--- START ---
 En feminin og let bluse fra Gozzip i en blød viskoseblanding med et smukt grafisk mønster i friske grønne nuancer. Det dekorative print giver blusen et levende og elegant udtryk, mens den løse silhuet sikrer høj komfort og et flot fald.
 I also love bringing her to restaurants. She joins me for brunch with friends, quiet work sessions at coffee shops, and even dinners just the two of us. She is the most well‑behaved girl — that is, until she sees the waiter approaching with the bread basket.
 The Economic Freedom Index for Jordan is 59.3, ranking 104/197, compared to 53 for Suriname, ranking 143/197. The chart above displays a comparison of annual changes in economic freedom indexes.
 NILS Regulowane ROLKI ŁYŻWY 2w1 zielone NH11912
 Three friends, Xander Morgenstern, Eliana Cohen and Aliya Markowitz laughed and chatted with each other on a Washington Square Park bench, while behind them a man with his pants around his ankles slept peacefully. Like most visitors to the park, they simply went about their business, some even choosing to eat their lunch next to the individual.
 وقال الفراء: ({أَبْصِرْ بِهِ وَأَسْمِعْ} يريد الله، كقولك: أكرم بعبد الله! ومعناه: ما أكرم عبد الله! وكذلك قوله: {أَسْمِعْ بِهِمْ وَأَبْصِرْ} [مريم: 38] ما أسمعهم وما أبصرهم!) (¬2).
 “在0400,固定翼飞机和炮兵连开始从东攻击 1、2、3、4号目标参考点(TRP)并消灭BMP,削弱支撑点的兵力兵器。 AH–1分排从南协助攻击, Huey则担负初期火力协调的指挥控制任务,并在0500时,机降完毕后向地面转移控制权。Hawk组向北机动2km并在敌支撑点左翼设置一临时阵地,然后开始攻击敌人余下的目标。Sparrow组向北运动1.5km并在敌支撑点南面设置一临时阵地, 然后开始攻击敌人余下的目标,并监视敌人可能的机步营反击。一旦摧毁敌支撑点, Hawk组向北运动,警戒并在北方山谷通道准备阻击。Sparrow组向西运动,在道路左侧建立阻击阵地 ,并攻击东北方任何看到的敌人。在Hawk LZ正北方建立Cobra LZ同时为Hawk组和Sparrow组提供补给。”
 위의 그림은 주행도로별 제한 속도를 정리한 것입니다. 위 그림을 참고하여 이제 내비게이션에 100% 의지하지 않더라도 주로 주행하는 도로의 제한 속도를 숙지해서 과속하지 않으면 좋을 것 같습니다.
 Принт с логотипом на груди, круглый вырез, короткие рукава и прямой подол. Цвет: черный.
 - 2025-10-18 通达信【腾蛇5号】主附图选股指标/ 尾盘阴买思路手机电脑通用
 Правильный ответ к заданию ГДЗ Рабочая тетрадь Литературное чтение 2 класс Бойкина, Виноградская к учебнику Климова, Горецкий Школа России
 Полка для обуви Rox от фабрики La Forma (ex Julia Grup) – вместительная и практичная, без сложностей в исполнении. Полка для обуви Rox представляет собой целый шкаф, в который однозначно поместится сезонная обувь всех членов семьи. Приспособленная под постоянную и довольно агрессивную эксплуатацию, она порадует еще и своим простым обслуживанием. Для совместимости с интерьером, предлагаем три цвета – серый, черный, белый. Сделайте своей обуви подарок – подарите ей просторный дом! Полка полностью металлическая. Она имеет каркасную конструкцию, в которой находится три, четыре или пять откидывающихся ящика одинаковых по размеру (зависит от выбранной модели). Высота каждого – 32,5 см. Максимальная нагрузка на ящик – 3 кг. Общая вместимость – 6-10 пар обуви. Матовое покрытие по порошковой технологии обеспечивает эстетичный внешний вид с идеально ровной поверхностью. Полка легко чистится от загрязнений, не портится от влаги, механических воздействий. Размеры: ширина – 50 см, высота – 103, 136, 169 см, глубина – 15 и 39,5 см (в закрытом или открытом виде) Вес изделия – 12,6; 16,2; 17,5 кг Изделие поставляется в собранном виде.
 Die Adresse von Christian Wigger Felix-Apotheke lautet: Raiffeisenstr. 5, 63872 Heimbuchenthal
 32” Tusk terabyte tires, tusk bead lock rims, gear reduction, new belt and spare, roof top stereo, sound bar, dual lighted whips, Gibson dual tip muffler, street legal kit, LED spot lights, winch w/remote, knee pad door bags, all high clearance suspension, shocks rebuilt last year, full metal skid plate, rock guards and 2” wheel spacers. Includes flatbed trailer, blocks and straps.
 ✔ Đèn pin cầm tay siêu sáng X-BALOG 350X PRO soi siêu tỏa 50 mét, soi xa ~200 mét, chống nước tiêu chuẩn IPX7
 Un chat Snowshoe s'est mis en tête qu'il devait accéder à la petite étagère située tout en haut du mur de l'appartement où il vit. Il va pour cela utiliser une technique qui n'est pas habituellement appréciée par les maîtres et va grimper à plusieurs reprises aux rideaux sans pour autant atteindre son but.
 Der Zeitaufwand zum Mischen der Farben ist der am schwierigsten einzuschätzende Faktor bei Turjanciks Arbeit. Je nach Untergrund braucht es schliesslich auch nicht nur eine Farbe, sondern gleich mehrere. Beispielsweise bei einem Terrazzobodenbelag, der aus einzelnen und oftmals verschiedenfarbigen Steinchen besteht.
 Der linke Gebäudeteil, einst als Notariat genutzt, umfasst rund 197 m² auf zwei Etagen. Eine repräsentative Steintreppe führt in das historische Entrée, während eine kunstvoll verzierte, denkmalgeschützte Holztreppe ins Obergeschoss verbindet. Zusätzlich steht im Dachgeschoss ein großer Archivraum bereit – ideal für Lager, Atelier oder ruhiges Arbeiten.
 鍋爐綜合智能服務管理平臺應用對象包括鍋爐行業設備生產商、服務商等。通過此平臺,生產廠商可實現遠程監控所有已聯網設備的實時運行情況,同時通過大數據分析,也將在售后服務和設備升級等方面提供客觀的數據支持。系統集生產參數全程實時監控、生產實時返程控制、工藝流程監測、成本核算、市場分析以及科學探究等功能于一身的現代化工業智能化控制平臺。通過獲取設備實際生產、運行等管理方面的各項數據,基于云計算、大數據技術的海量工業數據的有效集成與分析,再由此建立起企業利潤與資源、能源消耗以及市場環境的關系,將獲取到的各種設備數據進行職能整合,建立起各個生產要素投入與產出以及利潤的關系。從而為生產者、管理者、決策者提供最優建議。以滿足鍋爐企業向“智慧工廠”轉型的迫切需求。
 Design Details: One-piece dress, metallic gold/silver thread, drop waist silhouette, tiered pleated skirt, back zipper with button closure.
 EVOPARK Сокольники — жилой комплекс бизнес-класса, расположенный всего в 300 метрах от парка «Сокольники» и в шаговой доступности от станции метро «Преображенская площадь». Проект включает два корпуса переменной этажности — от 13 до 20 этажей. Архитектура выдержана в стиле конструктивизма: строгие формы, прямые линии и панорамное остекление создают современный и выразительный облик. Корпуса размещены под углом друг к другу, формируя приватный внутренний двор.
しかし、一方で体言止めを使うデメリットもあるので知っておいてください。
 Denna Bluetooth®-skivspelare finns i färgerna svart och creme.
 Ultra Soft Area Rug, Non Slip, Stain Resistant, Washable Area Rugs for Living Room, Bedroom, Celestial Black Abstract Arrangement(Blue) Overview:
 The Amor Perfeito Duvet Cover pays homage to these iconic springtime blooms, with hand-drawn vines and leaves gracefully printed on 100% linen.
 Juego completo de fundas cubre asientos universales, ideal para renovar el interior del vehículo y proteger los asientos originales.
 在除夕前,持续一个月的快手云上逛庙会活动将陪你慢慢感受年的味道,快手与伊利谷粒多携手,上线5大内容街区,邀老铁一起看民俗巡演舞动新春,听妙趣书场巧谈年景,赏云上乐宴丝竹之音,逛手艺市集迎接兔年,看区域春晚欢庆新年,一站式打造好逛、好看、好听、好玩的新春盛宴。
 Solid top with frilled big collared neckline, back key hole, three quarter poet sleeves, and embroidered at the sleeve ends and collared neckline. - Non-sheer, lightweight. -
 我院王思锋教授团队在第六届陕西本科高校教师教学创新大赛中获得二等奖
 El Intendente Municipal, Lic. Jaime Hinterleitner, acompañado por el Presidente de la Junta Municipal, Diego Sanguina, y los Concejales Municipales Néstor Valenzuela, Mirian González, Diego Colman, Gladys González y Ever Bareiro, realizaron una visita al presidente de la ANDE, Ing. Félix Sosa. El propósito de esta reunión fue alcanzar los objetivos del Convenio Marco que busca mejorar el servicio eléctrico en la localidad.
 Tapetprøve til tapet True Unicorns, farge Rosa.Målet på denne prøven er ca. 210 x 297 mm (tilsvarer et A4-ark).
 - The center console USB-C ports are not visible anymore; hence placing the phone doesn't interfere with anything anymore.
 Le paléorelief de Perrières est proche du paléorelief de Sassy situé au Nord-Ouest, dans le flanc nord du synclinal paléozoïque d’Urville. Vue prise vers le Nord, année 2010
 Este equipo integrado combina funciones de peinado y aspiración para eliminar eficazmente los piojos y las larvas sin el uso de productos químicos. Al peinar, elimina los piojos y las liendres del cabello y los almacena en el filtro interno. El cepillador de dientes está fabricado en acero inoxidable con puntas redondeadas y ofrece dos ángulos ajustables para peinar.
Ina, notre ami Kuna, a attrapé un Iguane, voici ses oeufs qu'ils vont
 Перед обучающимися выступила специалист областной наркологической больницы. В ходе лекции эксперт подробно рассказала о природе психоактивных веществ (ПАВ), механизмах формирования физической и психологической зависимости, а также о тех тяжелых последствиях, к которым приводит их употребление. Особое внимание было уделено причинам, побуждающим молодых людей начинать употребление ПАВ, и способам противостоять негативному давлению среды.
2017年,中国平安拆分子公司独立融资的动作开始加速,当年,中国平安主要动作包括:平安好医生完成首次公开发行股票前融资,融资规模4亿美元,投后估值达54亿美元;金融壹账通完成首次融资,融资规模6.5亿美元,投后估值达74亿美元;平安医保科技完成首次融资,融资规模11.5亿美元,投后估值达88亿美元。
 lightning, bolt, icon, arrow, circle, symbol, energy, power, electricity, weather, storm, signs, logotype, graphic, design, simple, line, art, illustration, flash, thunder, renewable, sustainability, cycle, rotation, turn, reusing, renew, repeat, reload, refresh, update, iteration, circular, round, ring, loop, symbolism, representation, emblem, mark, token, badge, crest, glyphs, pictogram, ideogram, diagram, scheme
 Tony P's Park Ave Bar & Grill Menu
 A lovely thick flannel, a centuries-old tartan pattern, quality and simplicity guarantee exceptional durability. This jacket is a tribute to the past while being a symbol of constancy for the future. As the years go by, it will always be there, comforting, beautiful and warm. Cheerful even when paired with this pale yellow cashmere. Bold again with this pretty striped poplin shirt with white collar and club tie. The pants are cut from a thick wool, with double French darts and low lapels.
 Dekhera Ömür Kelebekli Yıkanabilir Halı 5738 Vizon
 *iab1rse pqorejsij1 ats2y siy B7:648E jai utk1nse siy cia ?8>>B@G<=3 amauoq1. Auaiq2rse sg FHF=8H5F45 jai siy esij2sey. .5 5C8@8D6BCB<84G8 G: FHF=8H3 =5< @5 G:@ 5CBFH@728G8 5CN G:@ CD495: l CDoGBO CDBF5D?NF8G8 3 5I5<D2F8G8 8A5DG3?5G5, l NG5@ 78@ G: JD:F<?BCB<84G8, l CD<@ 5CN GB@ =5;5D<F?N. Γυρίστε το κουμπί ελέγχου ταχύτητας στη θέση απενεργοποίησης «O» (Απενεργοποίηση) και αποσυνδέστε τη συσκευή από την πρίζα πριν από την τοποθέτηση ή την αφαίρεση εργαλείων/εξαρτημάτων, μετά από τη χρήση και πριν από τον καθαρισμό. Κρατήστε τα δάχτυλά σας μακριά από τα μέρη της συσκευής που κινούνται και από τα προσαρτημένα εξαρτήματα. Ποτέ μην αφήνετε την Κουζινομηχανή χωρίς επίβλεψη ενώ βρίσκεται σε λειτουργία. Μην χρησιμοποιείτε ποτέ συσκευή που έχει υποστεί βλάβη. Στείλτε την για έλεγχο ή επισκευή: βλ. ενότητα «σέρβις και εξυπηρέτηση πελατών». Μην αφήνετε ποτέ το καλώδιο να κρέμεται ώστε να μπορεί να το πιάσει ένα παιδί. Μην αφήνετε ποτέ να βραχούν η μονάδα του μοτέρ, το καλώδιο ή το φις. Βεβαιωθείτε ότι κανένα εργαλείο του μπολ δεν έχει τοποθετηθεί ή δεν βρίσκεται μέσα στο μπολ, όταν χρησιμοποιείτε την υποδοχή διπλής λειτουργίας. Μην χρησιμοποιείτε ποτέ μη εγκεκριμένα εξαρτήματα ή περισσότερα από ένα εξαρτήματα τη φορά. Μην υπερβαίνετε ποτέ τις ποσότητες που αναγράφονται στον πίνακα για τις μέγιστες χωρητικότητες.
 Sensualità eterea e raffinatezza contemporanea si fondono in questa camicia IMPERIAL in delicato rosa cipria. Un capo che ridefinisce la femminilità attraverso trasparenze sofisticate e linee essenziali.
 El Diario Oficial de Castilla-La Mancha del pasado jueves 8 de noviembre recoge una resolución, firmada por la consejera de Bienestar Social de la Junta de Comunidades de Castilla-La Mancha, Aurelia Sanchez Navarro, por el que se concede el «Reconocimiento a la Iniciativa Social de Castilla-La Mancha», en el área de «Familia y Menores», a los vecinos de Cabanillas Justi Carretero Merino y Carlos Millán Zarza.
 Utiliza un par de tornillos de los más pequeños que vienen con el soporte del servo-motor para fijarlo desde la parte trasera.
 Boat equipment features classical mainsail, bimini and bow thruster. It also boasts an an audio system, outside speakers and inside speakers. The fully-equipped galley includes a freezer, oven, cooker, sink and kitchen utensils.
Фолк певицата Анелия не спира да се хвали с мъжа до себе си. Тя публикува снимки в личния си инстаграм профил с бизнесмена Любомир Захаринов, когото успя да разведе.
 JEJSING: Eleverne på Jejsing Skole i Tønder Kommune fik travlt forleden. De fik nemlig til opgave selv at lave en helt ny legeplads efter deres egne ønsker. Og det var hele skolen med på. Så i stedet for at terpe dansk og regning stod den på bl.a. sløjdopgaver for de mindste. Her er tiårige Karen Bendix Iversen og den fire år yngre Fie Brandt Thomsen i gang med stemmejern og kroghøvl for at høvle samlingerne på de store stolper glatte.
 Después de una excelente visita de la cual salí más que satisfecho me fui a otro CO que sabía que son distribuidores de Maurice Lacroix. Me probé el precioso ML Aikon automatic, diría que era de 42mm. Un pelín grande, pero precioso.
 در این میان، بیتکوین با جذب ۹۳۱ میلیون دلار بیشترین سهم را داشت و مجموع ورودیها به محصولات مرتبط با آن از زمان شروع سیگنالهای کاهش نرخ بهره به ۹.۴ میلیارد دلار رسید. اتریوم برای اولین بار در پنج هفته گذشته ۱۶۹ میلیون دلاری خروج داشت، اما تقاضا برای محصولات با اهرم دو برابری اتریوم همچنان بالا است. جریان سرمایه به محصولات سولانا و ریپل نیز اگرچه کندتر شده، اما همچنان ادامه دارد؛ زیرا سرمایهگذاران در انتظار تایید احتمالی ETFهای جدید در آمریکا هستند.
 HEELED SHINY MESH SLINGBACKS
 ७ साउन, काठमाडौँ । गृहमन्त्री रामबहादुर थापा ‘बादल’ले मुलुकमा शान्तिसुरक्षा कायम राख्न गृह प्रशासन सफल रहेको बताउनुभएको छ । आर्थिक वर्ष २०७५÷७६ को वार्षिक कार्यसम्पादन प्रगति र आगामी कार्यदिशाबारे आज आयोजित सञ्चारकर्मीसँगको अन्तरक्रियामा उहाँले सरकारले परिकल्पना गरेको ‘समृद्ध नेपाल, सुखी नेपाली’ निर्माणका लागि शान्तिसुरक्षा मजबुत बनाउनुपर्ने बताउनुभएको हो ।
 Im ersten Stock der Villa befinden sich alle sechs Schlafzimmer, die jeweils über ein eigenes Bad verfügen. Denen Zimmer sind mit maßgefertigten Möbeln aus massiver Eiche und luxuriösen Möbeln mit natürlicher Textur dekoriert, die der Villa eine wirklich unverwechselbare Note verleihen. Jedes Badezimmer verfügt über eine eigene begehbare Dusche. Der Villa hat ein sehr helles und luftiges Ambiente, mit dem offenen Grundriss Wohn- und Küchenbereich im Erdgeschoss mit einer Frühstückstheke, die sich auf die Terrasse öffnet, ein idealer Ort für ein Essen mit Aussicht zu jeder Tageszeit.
--- END ---
## Required work
In the data above, find the line that contains "鍋爐綜合智能服務管理平臺應用" and the line that contains "Design Details: One-piece". Repeat exactly those lines and every line between them, and only those.

## Response to this exercise
 鍋爐綜合智能服務管理平臺應用對象包括鍋爐行業設備生產商、服務商等。通過此平臺,生產廠商可實現遠程監控所有已聯網設備的實時運行情況,同時通過大數據分析,也將在售后服務和設備升級等方面提供客觀的數據支持。系統集生產參數全程實時監控、生產實時返程控制、工藝流程監測、成本核算、市場分析以及科學探究等功能于一身的現代化工業智能化控制平臺。通過獲取設備實際生產、運行等管理方面的各項數據,基于云計算、大數據技術的海量工業數據的有效集成與分析,再由此建立起企業利潤與資源、能源消耗以及市場環境的關系,將獲取到的各種設備數據進行職能整合,建立起各個生產要素投入與產出以及利潤的關系。從而為生產者、管理者、決策者提供最優建議。以滿足鍋爐企業向“智慧工廠”轉型的迫切需求。
 Design Details: One-piece dress, metallic gold/silver thread, drop waist silhouette, tiered pleated skirt, back zipper with button closure.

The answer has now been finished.